EXERCISE:
A full, word-for-word copy of the listing below is needed; leave the images out of it.

SUPPLIED DATA:
━━━━━━━━━━━━━━━━
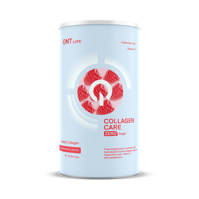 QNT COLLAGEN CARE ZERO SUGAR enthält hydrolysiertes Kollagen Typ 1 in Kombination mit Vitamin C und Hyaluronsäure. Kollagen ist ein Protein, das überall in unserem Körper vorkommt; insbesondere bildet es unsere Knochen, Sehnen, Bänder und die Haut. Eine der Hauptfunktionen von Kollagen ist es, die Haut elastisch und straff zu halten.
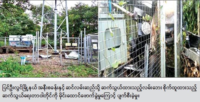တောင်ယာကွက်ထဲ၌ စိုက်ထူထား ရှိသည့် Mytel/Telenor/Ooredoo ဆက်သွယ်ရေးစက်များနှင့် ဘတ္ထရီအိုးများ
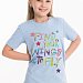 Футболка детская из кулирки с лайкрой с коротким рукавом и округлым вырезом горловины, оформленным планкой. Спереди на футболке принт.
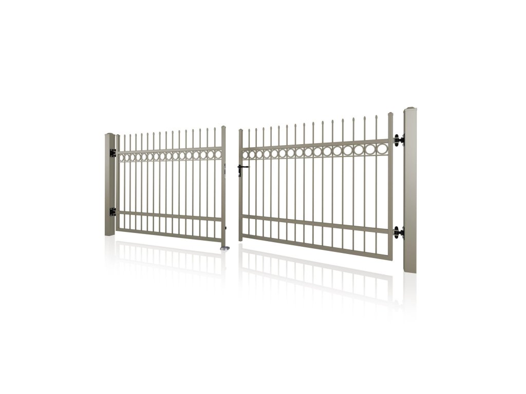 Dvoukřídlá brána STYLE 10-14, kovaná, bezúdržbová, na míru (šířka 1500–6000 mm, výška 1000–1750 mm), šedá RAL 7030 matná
━━━━━━━━━━━━━━━━
RESULT FOR THIS EXERCISE:
 QNT COLLAGEN CARE ZERO SUGAR enthält hydrolysiertes Kollagen Typ 1 in Kombination mit Vitamin C und Hyaluronsäure. Kollagen ist ein Protein, das überall in unserem Körper vorkommt; insbesondere bildet es unsere Knochen, Sehnen, Bänder und die Haut. Eine der Hauptfunktionen von Kollagen ist es, die Haut elastisch und straff zu halten.
တောင်ယာကွက်ထဲ၌ စိုက်ထူထား ရှိသည့် Mytel/Telenor/Ooredoo ဆက်သွယ်ရေးစက်များနှင့် ဘတ္ထရီအိုးများ
 Футболка детская из кулирки с лайкрой с коротким рукавом и округлым вырезом горловины, оформленным планкой. Спереди на футболке принт.
 Dvoukřídlá brána STYLE 10-14, kovaná, bezúdržbová, na míru (šířka 1500–6000 mm, výška 1000–1750 mm), šedá RAL 7030 matná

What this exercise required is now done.